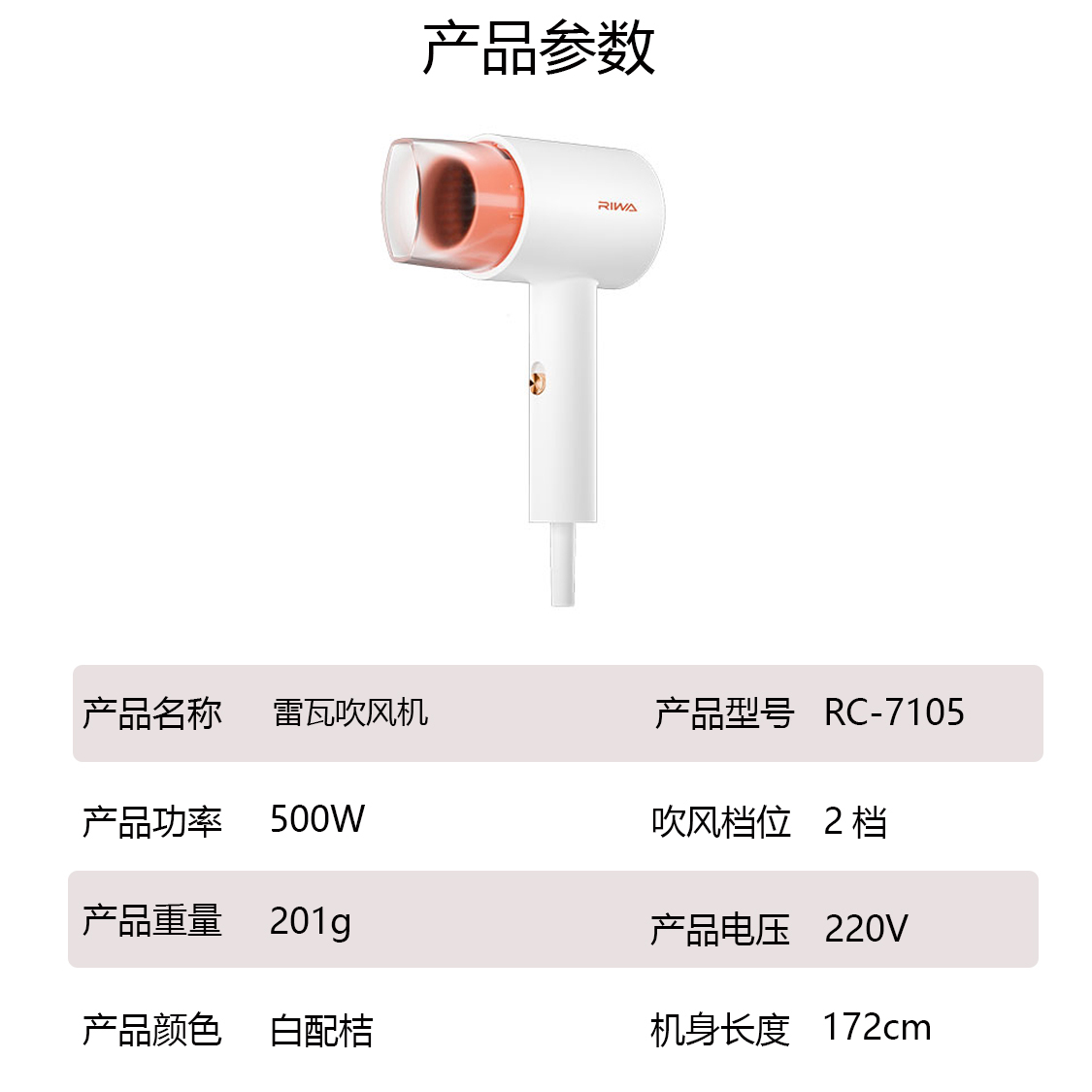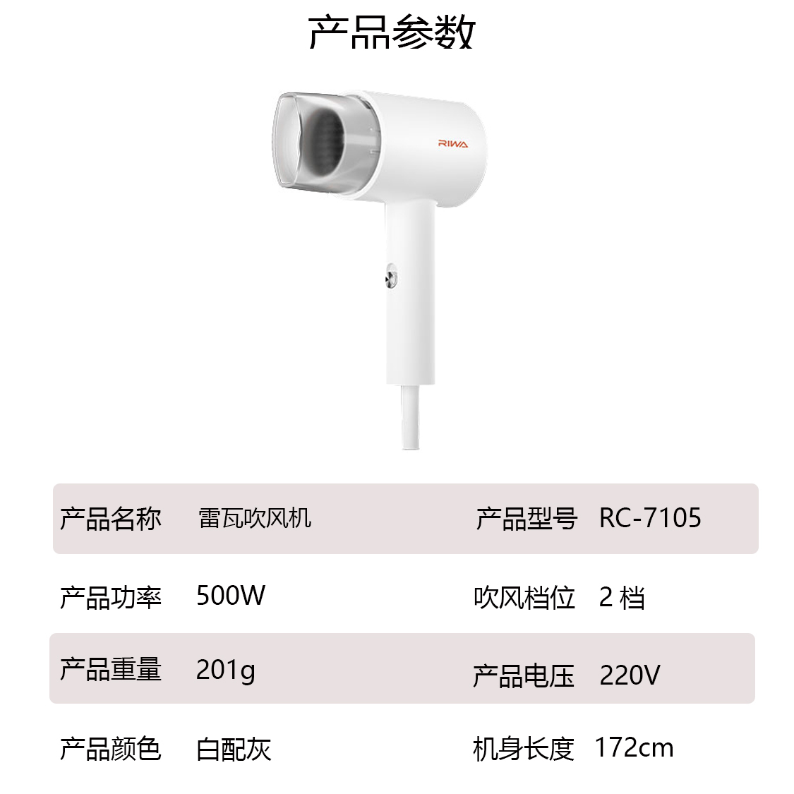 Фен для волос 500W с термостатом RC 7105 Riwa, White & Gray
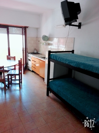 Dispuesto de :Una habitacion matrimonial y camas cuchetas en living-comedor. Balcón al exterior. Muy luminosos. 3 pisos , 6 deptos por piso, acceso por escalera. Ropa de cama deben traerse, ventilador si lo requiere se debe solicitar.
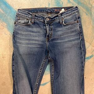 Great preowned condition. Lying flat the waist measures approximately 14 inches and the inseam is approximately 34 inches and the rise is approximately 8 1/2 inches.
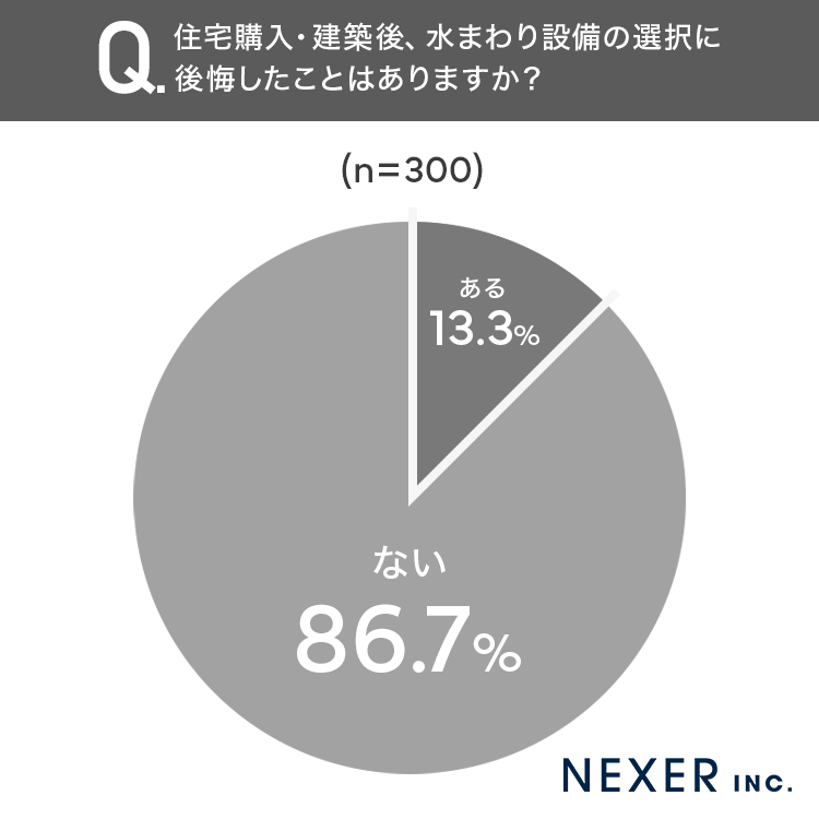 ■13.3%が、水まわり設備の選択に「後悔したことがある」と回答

Problem to work on ::
Find the line that contains "Dispuesto de :Una" and repeat it, along with every line after it to the end of the data, exactly; drop the pictures.

Solution for this exercise ::
 Dispuesto de :Una habitacion matrimonial y camas cuchetas en living-comedor. Balcón al exterior. Muy luminosos. 3 pisos , 6 deptos por piso, acceso por escalera. Ropa de cama deben traerse, ventilador si lo requiere se debe solicitar.
 Great preowned condition. Lying flat the waist measures approximately 14 inches and the inseam is approximately 34 inches and the rise is approximately 8 1/2 inches.
 ■13.3%が、水まわり設備の選択に「後悔したことがある」と回答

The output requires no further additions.